Using the store-and-forward system, the Miller School’s teledermatology consults also have provided care to military personnel and their dependents at 31 bases in 17 states in the U.S. Army’s Great Plains Regional Medical Command. Senior residents write the draft diagnoses and recommendations, which are then reviewed and edited by attending dermatology faculty. Since 2006 the program has provided more than 2,000 consultations.

Telehealth is becoming a powerful educational tool. “Typically when I work with residents, they enter the patient’s room alone to greet them,” explains Connelly. “With telehealth, I can see how they interact with the patient, perform the exam through the use of the prompter [the nurse practitioner on site], and take the patient’s history.”

The technology already is being used for some UM grand rounds, lectures, and meetings and will soon expand throughout South Florida. “It’s amazing how rapidly the videoconferencing infrastructure has expanded through the University of Miami Health System and partner sites,” observes Tom Brewer, the director of telehealth operations. Before joining the UM telehealth team in October 2007, he was director of telemedicine for St. Vincent Hospital and Health System in Billings, Montana, where he developed and managed an extensive videoconferencing network. He sees parallels in rural and urban telehealth benefits. “Access and convenience of health services can be greatly improved,” he says. “The geographic barriers are different, but equally daunting—whether I need to navigate snow-covered roads in Montana or I-95 during rush hour in South Florida.”

Developed several years ago by the University of Miami and the Universidad Autónoma de Nuevo León in Monterrey, Mexico, a series of academic videoconferences for interactive health care lectures and grand rounds in dermatology and plastic surgery are still taking place today. Burdick recently received a grant from the American Academy of Dermatology to expand the Monterrey, Mexico, program to a number of sites worldwide.
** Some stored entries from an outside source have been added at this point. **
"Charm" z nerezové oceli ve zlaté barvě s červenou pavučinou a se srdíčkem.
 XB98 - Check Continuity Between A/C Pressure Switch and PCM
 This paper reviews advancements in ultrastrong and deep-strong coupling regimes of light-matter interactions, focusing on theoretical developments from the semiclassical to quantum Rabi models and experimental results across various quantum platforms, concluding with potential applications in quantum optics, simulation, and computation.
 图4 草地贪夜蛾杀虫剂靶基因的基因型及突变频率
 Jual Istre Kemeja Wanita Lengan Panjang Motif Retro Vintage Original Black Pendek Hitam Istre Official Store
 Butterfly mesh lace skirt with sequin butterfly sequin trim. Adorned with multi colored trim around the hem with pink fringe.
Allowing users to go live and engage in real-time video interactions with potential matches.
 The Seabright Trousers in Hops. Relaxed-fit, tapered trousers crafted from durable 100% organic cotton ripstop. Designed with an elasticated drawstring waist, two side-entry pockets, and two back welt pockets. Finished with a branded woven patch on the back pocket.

The University plays an equally valuable role in researching and developing telehealth applications and technologies. “Research and development in telehealth requires interdisciplinary ap­proaches that will involve scientists and engineers from across the UM enterprise,” notes Simmons. “It includes technology development, health communications, human factors, health economics, and health services research.”
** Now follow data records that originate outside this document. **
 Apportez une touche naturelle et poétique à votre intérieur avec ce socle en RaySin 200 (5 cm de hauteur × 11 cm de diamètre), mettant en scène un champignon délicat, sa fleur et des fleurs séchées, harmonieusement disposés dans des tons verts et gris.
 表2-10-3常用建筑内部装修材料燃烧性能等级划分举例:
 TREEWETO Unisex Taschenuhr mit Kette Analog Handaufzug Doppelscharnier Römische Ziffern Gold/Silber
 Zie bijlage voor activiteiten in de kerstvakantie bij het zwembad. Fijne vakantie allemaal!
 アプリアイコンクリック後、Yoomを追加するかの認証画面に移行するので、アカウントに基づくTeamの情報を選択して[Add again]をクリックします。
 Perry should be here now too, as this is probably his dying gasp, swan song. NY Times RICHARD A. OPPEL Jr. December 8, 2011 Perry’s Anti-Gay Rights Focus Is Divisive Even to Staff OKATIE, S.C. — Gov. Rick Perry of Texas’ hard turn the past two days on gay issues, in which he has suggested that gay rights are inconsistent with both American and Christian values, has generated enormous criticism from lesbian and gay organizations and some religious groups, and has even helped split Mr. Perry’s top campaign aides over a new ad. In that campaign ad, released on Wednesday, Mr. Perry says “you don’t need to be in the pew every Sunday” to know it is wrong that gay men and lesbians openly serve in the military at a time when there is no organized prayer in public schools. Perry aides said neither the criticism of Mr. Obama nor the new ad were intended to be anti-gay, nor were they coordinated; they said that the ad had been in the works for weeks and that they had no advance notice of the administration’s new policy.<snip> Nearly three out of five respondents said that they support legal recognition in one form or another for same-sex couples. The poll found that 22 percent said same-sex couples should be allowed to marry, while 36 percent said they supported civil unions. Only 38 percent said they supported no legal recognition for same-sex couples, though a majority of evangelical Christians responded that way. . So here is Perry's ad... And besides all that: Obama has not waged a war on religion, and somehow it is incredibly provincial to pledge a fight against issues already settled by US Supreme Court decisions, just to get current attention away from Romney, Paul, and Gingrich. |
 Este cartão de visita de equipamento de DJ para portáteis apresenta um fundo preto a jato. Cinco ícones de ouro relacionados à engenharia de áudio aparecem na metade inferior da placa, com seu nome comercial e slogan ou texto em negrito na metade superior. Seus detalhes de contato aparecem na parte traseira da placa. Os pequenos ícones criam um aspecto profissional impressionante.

Burdick adds that “crucial policy changes will be catalyzed via better evidence of telehealth’s clinical, economic, and societal benefits.”

So, what’s the future of telehealth? “Look at the effect of the Internet on other industries,” says Simmons. “We have become 24/7 consumers of information, products, and services. We want to get what we want, where and when we want it. Until now, we have not demanded this level of service from health care. As people learn about telehealth, we expect that to change rapidly.”

The Miller School telehealth team plans to be at the forefront of that change.

LISA SEDELNIK, M.A. ’00, is a freelance writer in Coral Gables, Florida.